• **TASK PROMPT**: Whenever an image turns up, omit it and return the remaining data exactly.

• **DATA BELOW**:

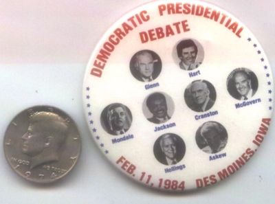 Title (ebay affiliate link): '84 Dem Debate IOWA CAUCUS button Mondale Hart McGovern Glenn Jackson & more
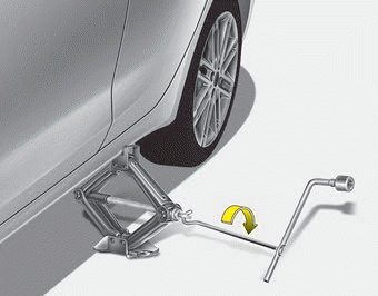 11. Опустите автомобиль на землю, повернув ключ для колесных гаек против часовой стрелки.
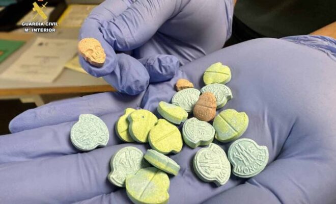 El detenido, un varón de 56 años, natural y vecino de Logroño, ocultaba en su zona pélvica y en una riñonera diecisiete pastillas y media de éxtasis, seis gramos de speed, 1,6 gramos de ketamina y 125 euros en billetes fraccionados.

• **EXERCISE ANSWER**:
 Title (ebay affiliate link): '84 Dem Debate IOWA CAUCUS button Mondale Hart McGovern Glenn Jackson & more
 11. Опустите автомобиль на землю, повернув ключ для колесных гаек против часовой стрелки.
 El detenido, un varón de 56 años, natural y vecino de Logroño, ocultaba en su zona pélvica y en una riñonera diecisiete pastillas y media de éxtasis, seis gramos de speed, 1,6 gramos de ketamina y 125 euros en billetes fraccionados.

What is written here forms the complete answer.